ECLI:NL:RBDHA:2020:14906
Rechtbank Den Haag
- Eerste aanleg - enkelvoudig
- Rechtspraak.nl
Asielaanvraag niet-ontvankelijk verklaard wegens internationale bescherming in Denemarken
In deze zaak heeft de Rechtbank Den Haag op 5 november 2020 uitspraak gedaan in een asielprocedure. Eiseres, van Syrische nationaliteit, had op 14 juli 2020 een asielaanvraag ingediend in Nederland. De Staatssecretaris van Justitie en Veiligheid verklaarde deze aanvraag echter niet-ontvankelijk, omdat eiseres al internationale bescherming had gekregen van de Deense autoriteiten.
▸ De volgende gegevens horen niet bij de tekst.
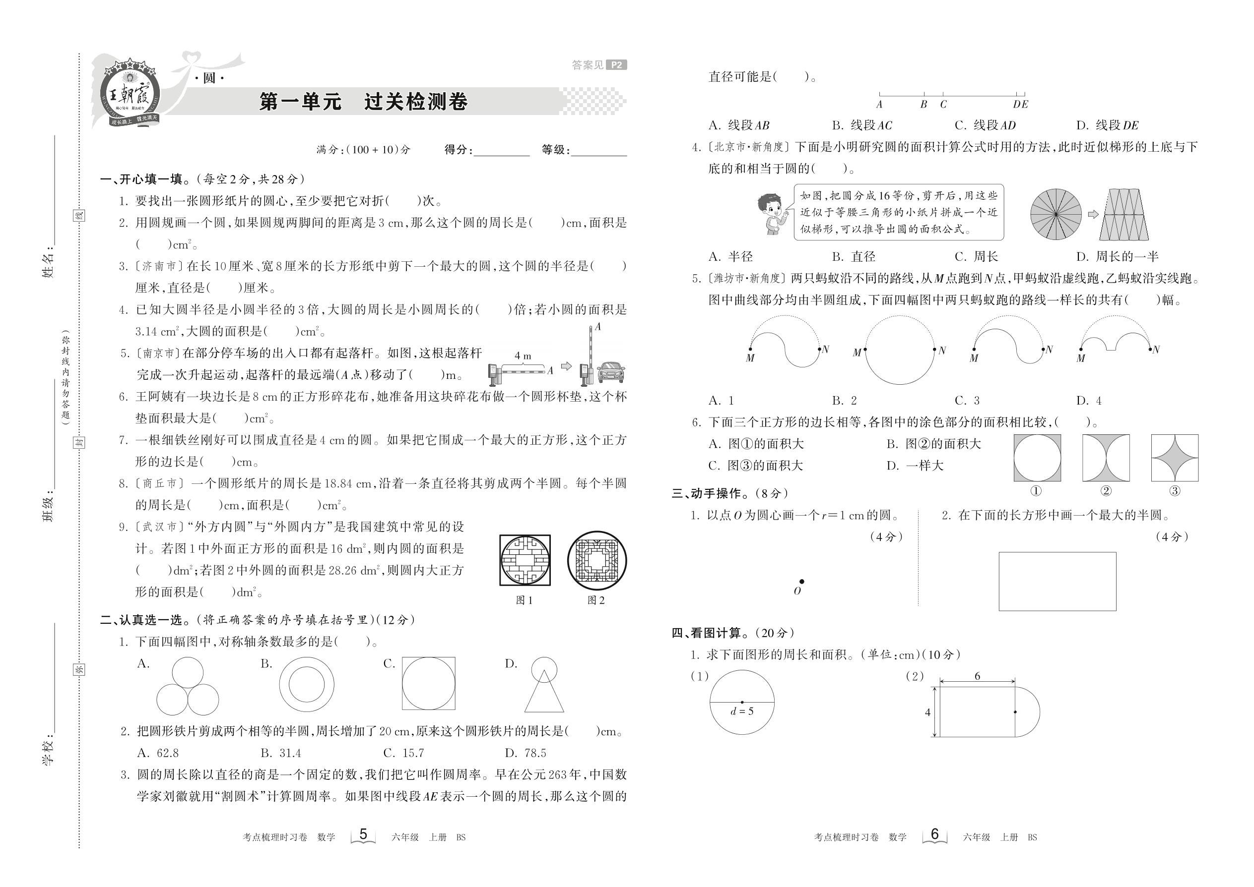 六年级数学北师版上册单元卷
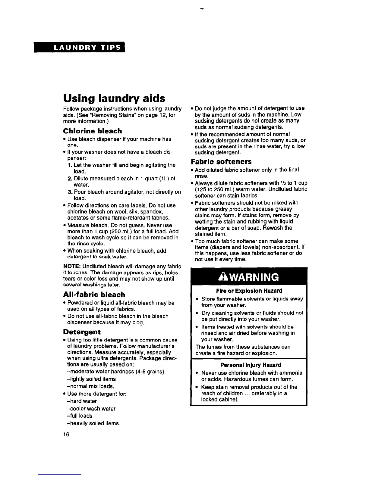 of laundry problems. Follow manufacturer’s

Eiseres heeft hiertegen beroep ingesteld. Tijdens de zitting op 2 november 2020, waarbij eiseres werd bijgestaan door haar gemachtigde en een tolk, werd het standpunt van de verweerder besproken. De rechtbank heeft overwogen dat de asielaanvraag van eiseres terecht niet-ontvankelijk is verklaard op basis van artikel 30a van de Vreemdelingenwet 2000, omdat eiseres een sterke band heeft met Denemarken, waar zij al een verblijfsvergunning had gekregen. De rechtbank concludeert dat de verweerder niet verplicht is om nader onderzoek te doen naar de status van de aanvraag van eiseres voor verlenging van haar verblijfsvergunning in Denemarken. Eiseres heeft niet voldoende onderbouwd dat zij in Denemarken in een onveilige situatie zal komen, en de rechtbank volgt haar niet in haar stelling dat de lange duur van de verlengingsprocedure een indicatie is dat zij zal worden teruggestuurd naar Syrië. De rechtbank heeft het beroep van eiseres ongegrond verklaard en geen aanleiding gezien voor een proceskostenveroordeling.